Set down nothing but the lines from the one containing "本品规格为8.8 厘米。造型" to the final line of the material, exactly as written, and drop the pictures.

## Data provided

* * *

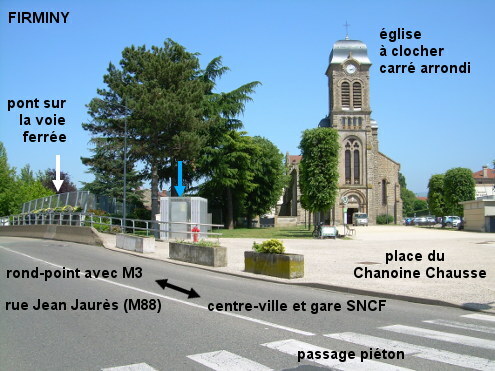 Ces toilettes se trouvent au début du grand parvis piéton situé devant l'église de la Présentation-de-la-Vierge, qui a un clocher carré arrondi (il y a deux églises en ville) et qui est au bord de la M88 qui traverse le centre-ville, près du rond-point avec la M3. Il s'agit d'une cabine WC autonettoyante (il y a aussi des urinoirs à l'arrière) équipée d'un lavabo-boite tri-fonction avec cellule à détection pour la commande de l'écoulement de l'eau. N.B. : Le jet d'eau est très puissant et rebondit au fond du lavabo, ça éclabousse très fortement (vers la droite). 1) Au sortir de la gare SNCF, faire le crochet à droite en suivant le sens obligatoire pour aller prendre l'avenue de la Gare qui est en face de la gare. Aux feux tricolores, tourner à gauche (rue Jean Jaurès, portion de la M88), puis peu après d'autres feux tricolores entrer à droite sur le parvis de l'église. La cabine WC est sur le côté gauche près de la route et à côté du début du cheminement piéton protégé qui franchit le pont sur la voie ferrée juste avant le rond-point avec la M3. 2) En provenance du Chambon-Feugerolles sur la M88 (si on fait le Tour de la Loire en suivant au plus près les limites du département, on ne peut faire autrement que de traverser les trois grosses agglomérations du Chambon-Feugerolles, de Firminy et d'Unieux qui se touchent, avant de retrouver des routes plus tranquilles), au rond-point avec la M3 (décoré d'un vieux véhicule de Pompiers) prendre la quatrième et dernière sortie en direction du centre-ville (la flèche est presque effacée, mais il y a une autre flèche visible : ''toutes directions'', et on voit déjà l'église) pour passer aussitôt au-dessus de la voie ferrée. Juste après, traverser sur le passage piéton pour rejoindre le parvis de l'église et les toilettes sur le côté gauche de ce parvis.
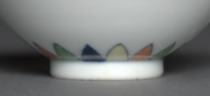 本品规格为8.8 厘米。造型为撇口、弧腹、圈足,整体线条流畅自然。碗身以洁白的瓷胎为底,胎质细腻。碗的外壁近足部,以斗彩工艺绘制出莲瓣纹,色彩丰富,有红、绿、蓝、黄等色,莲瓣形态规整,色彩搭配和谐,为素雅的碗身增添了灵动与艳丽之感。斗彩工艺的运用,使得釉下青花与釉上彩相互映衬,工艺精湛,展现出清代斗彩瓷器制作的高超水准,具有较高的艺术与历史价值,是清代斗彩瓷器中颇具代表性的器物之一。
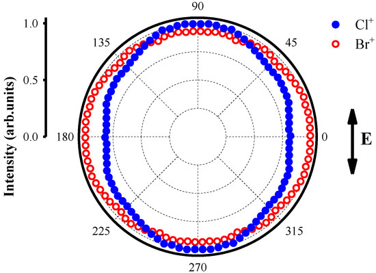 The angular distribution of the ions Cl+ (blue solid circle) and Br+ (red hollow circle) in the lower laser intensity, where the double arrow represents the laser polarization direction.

* * *

## Answer space
 本品规格为8.8 厘米。造型为撇口、弧腹、圈足,整体线条流畅自然。碗身以洁白的瓷胎为底,胎质细腻。碗的外壁近足部,以斗彩工艺绘制出莲瓣纹,色彩丰富,有红、绿、蓝、黄等色,莲瓣形态规整,色彩搭配和谐,为素雅的碗身增添了灵动与艳丽之感。斗彩工艺的运用,使得釉下青花与釉上彩相互映衬,工艺精湛,展现出清代斗彩瓷器制作的高超水准,具有较高的艺术与历史价值,是清代斗彩瓷器中颇具代表性的器物之一。
 The angular distribution of the ions Cl+ (blue solid circle) and Br+ (red hollow circle) in the lower laser intensity, where the double arrow represents the laser polarization direction.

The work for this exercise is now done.